River Watch: Monongahela Water Quality Debate Bubbles Up

Army Corps invites various interests to join watershed study

Pittsburgh Business Times
10 December 2010
By Anya Litvak

As the U.S. Army Corps of Engineers embarks on a study of the Upper Monongahela River watershed and searches for stakeholders in the process, it might be wise to prepare for a crowd.

The number of voices with concerns about water quality in the region is growing. State regulators are concerned about high levels of total dissolved solids and sulfates. The business community is worried about mandated reductions in discharges to the waterway. Oil and gas contractors will need to treat their water to a drinking water standard if they want to discharge it into the river come Jan. 1. And a number of researchers and independent groups are watching how the region’s energy industry is affecting the watershed.

The Corps’ Mon River study, which will involve public meetings in the spring to identify issues in the watershed, appends an Ohio River Basin Comprehensive Reconnaissance Report that identified several priority watersheds for closer inspection. It also will look at fish and wildlife and navigation issues.

“We’re already aware that the water quality issues are going to be the big issue,” said Corps environmental resource specialist Ashley Petraglia.

The study will take about a year and a half and, should further funding be identified, may lead to recommendations for projects to improve the watershed. In the meantime, the Corps is looking to start a dialogue about stakeholder concerns through the public meeting process.

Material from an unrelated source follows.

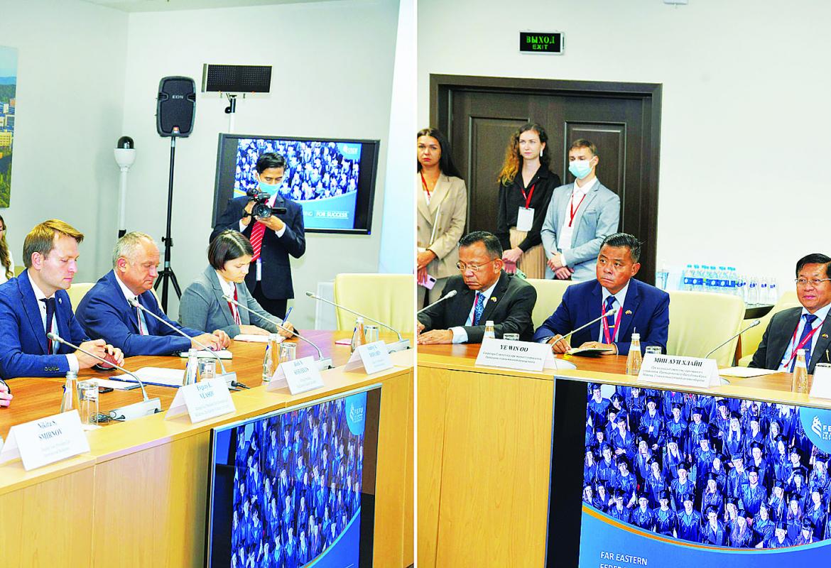 နိုင်ငံတော်စီမံအုပ်ချုပ်ရေးကောင်စီဥက္ကဋ္ဌ နိုင်ငံတော်ဝန်ကြီးချုပ် ဗိုလ်ချုပ်မှူးကြီး မင်းအောင်လှိုင် ရုရှားဖက်ဒ ရေးရှင်းနိုင်ငံ ဗလာဒီဗော့စတော့ခ်မြို့ Far Eastern Federal University (FEFU) တက္ကသိုလ် ပါမောက္ခချုပ်နှင့် တွေ့ဆုံဆွေးနွေး

Debates about water quality must be qualified by how it’s measured, especially when it comes to total dissolved solids, which takes a few steps to assess. There are three ways to gauge TDS counts. One is to analyze a sample in the lab testing for concentrations of specific salts and metals. Another is to take water samples and boil them, weighing the sample before and after evaporation to measure the weight of the remaining solids. Both of these are labor intensive and cannot be done in real time. A quick and continuous way is to use conductivity readings, assuming that TDS counts are 70 percent of conductivity measurements. Conductivity indicates the presence of ions in the water that can carry an electric current.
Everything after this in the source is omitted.